§ Assignment: Instruction for the entries that follow: retype exactly the lines from the line with "Pour changer de" to the line with "MF、DF4人ずつ2ラインで", both included, and omit all others.

§ Input records:

-=-=-=-=-

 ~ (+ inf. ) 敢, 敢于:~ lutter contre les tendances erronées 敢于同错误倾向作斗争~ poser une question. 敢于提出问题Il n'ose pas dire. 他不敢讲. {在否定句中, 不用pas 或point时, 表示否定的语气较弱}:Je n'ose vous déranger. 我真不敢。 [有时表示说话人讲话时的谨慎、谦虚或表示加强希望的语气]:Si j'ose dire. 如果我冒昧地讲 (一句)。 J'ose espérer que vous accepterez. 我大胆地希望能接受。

-=-=-=-=-

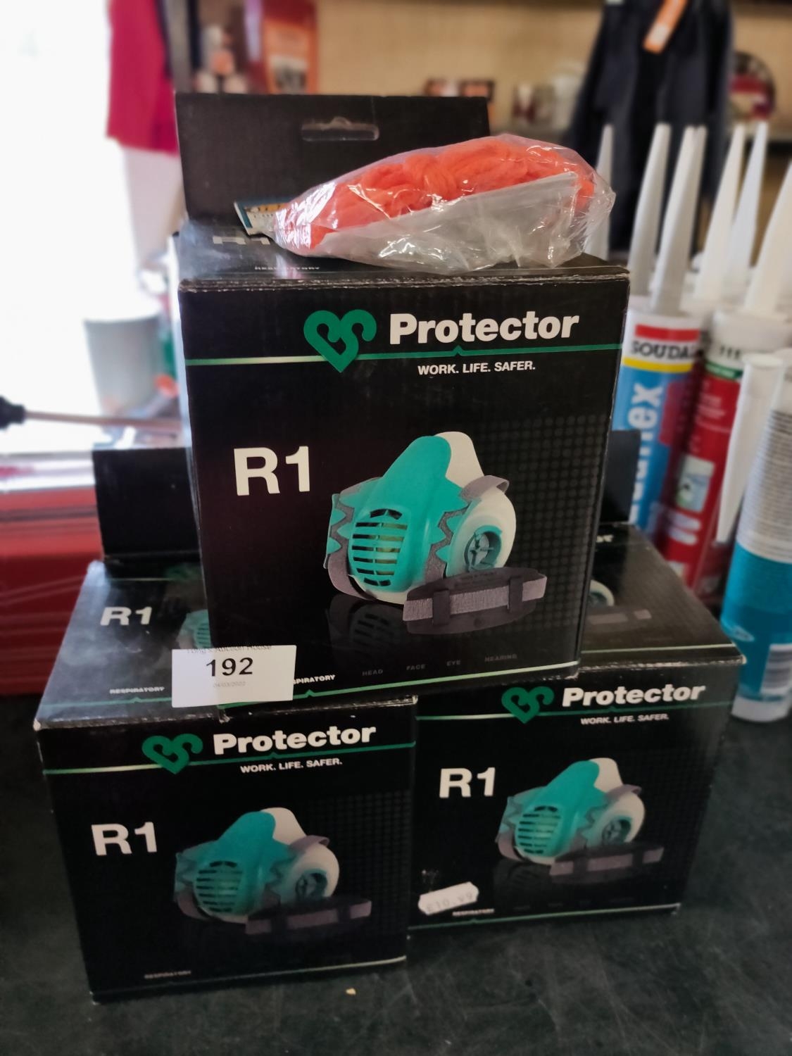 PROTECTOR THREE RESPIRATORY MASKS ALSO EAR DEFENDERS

-=-=-=-=-

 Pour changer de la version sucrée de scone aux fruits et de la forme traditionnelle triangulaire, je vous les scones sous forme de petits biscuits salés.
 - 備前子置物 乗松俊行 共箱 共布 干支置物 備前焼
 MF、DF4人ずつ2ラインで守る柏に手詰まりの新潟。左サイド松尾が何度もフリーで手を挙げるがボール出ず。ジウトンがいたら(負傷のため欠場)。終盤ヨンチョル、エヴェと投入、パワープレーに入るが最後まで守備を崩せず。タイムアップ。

-=-=-=-=-

§ Answer to this exercise:
 Pour changer de la version sucrée de scone aux fruits et de la forme traditionnelle triangulaire, je vous les scones sous forme de petits biscuits salés.
 - 備前子置物 乗松俊行 共箱 共布 干支置物 備前焼
 MF、DF4人ずつ2ラインで守る柏に手詰まりの新潟。左サイド松尾が何度もフリーで手を挙げるがボール出ず。ジウトンがいたら(負傷のため欠場)。終盤ヨンチョル、エヴェと投入、パワープレーに入るが最後まで守備を崩せず。タイムアップ。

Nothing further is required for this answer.